There are two problems on this line:

a=tree.find('parent')

First, <parent> is not an immediate child of the root element. <parent> is a grandchild of the root element. The path to parent looks like /project/grandparent/parent. To search for <parent>, try the XPath expression */parent or possiblly //parent.

Second, <parent> exists in the default namespace, so you won't be able to .find() it with just its simple name. You'll need to add the namespace.

Here are two equally valid calls to tree.find(), each of which should find the <parent> node:

a=tree.find('*/{http://maven.apache.org/POM/4.0.0}parent')
a=tree.find('*/xmlns:parent', namespaces=spaces)
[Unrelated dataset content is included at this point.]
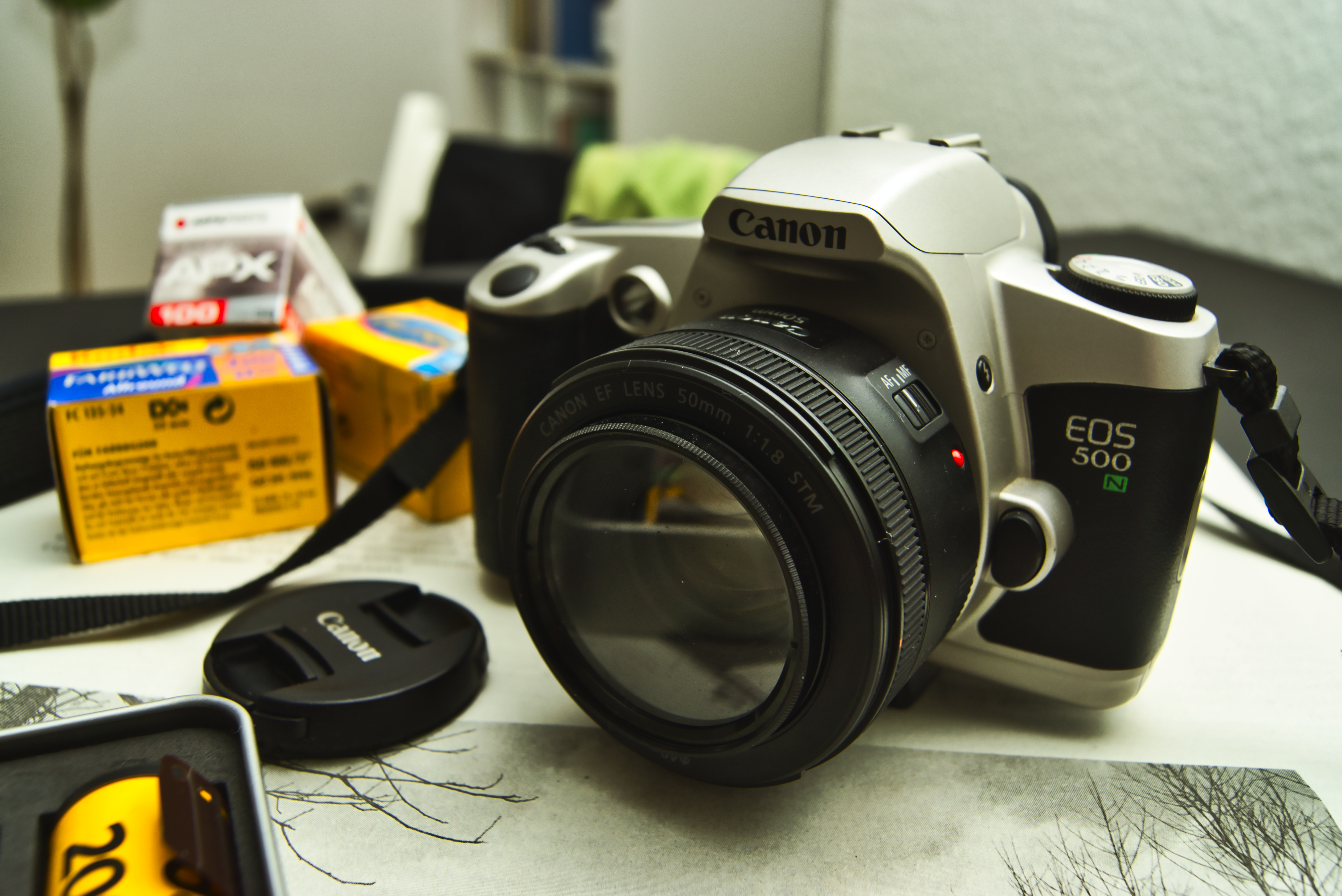 Meine EOS 500N ist aus Familien beständen und lag zwischen 2007 und 2017 mit einem Film geladen in einer dunkeln Ecke. Als ich die Kamera 2017 reaktivierte war es für mich der Wiedereinstieg in die analoge Fotografie. Damals zwar noch sehr zaghaft, ohne eigene Dunkelkammer und mit weniger als einem belichteten Film pro Jahr, aber immerhin ein Wiedereinstieg. Heute begleitet mich die Kamera immer noch von Zeit zu Zeit und ist eigentlich immer einsatzbereit.

Next, the call to findall() needs a namespace qualifier:

for b in a.findall('xmlns:child', namespaces=spaces)

Fourth, the call to create the new child element needs a namespace qualifier. There may be a way to use the shortcut name, but I couldn't find it. I had to use the long form of the name.

ET.SubElement(a,'{http://maven.apache.org/POM/4.0.0}child').text="Jay/Doctor"

Finally, your XML output will look ugly unless you provide a default namespace:

tree.write('test.xml', default_namespace=spaces['xmlns'])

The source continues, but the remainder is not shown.